Healthy Eating & Living (HEAL) interns will try to help students feel comfortable in their genes today as they spread the word on the 19th Annual National Eating Disorder Awareness Week, which runs from Feb. 26 to March 4.

HEAL’s main event of the week features a drawing from 10 a.m. to 3 p.m. today in the Arbor. Students who sign pledges promoting the theme of this awareness week – “Be Comfortable in Your Genes” – will be eligible to win gift certificates to Blenders in the Grass, Global Feet, Trader Joe’s, Lazy Acres Market and Jamba Juice.

HEAL is a Student Health internship program that focuses on reaching out to students about nutrition, exercise and positive body image.

In addition to the raffle, HEAL interns will pass out free apples with stickers listing healthy-eating facts, said HEAL Internal Coordinator Sally Gogol.
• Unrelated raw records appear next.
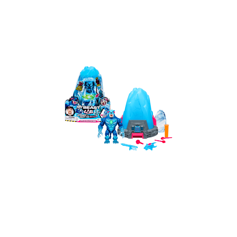 Introducing the NEW MrBeast Lab Cryo Lab. Which Big Cat will you release when you initiate the activation sequence and trigger a thermal meltdown? Perform the experiment and mix water into the Thermite Powder and watch it react, then push the Finger Print Scanner Button and witness an amazing sight within the Cryo Lab. Once the Cryochamber thaws, your MrBeast Panther Collector Figure will appear. Release your Beast and unfreeze its weapons, then discover its primal power.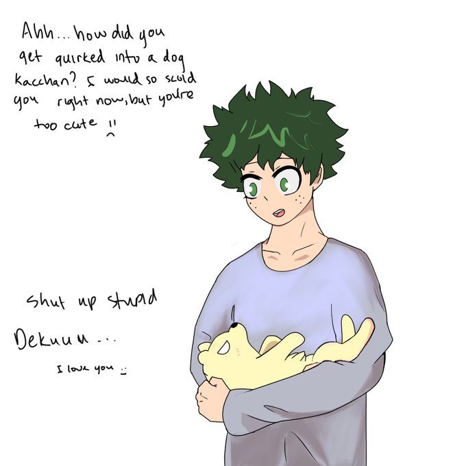 Katsuki wasn't paying attention when he accidentally gets quirked into a dog by a villain...at least his bf is here to keep him comfortable until he switches back #bkdk #bakudeku #ktdk #katsudeku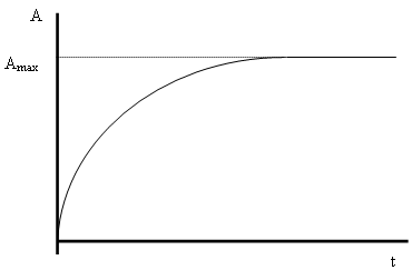 9. Выключить прибор. Привести в порядок рабочее место. По экспериментальным данным построить график зависимости A = f(t) (см. рисунок) и определить по нему Aмакс.
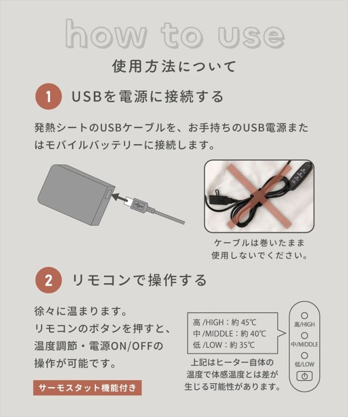 ※洗濯時は必ずUSB発熱シートを取り外してください。

The interns will move their tabling to outside the Rec Cen from 4 to 6 p.m.

HEAL External Coordinator Lacey Rohr, a fourth-year sociology major, said one in five UCSB students has an eating disorder, such as anorexia or bulimia.

“Disordered eating is when you don’t eat enough or are overeating,” Rohr said. “It’s eating for reasons other than satisfaction. We’re trying to tell people that a lot of body size is about genetics, and we’re unable to control that.”

In 2002, Gogol said, 19.8 percent of all UCSB students met the criteria for diagnosis of an eating disorder. Gogol, a fourth-year psychology major, said 21.4 percent of women at UCSB had an eating disorder that same year, but since then, the number has gone down by a small amount.

Pressures to have the perfect body come from students’ surroundings and the media, Gogol said.

“In an environment where appearance is so highly looked upon as in Santa Barbara, there’s a lot of pressure,” Gogol said. “And it comes from the media. Cindy Crawford’s thighs are airbrushed. You can’t compare yourself to people on TV because they’re not real.”

Rohr said HEAL encourages those struggling with an eating disorder to go to Student Health. She said students can speak with an eating disorder specialist or a nutritionist confidentially and for free.

To obtain their positions, HEAL interns took the Education 191C Healthy Eating and Living course through Student Health. Students can find out more about the four-unit ED 191C class at Student Health.